• WHAT IS NEEDED: Give again exactly the lines that run from the start of the records to the line holding "来自西安的The Cirqu", both ends counted. Do not include the pictures.

• MATERIAL FOR THIS TASK:
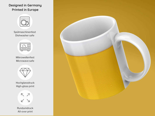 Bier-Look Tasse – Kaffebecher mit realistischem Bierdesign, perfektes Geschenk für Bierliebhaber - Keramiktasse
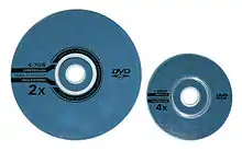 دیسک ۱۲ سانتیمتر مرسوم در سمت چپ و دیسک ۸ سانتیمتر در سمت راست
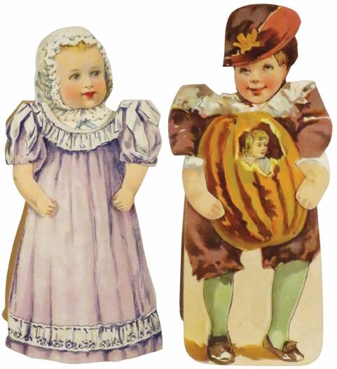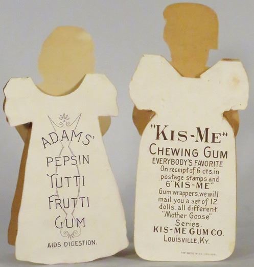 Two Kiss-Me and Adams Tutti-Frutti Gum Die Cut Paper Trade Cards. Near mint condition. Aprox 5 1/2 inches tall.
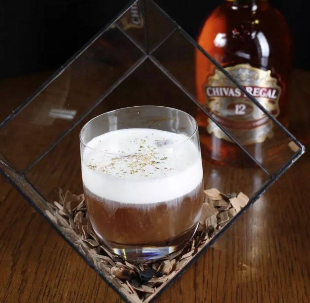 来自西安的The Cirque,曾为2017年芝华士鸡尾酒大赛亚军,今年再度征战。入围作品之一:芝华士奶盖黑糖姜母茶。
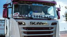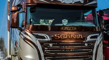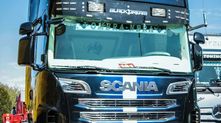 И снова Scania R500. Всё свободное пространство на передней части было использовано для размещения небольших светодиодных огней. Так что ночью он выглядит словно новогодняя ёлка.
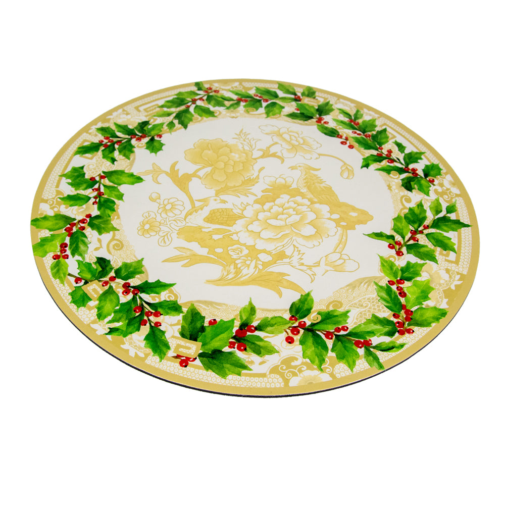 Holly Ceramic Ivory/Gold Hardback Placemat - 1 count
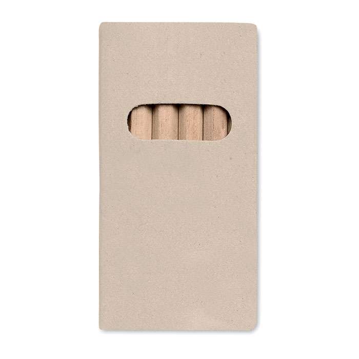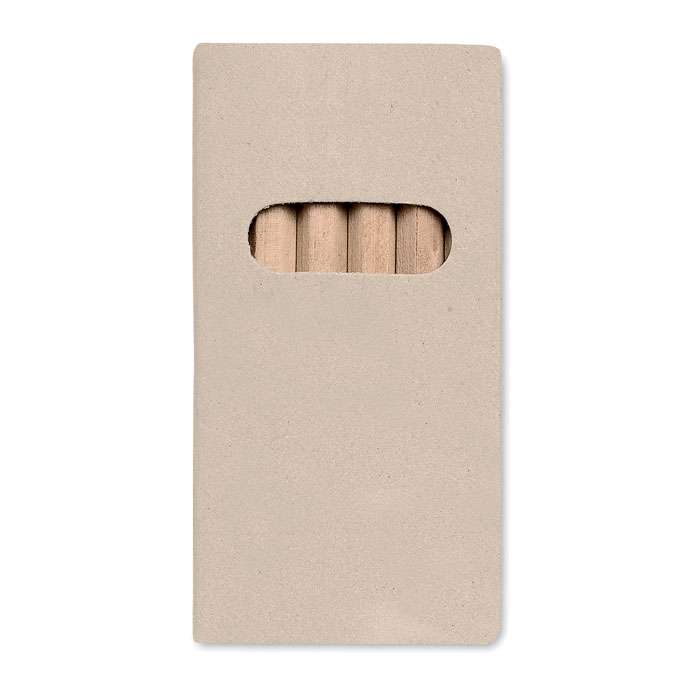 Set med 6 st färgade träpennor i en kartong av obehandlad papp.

• SOLVED PROBLEM:
 Bier-Look Tasse – Kaffebecher mit realistischem Bierdesign, perfektes Geschenk für Bierliebhaber - Keramiktasse
 دیسک ۱۲ سانتیمتر مرسوم در سمت چپ و دیسک ۸ سانتیمتر در سمت راست
 Two Kiss-Me and Adams Tutti-Frutti Gum Die Cut Paper Trade Cards. Near mint condition. Aprox 5 1/2 inches tall.
 来自西安的The Cirque,曾为2017年芝华士鸡尾酒大赛亚军,今年再度征战。入围作品之一:芝华士奶盖黑糖姜母茶。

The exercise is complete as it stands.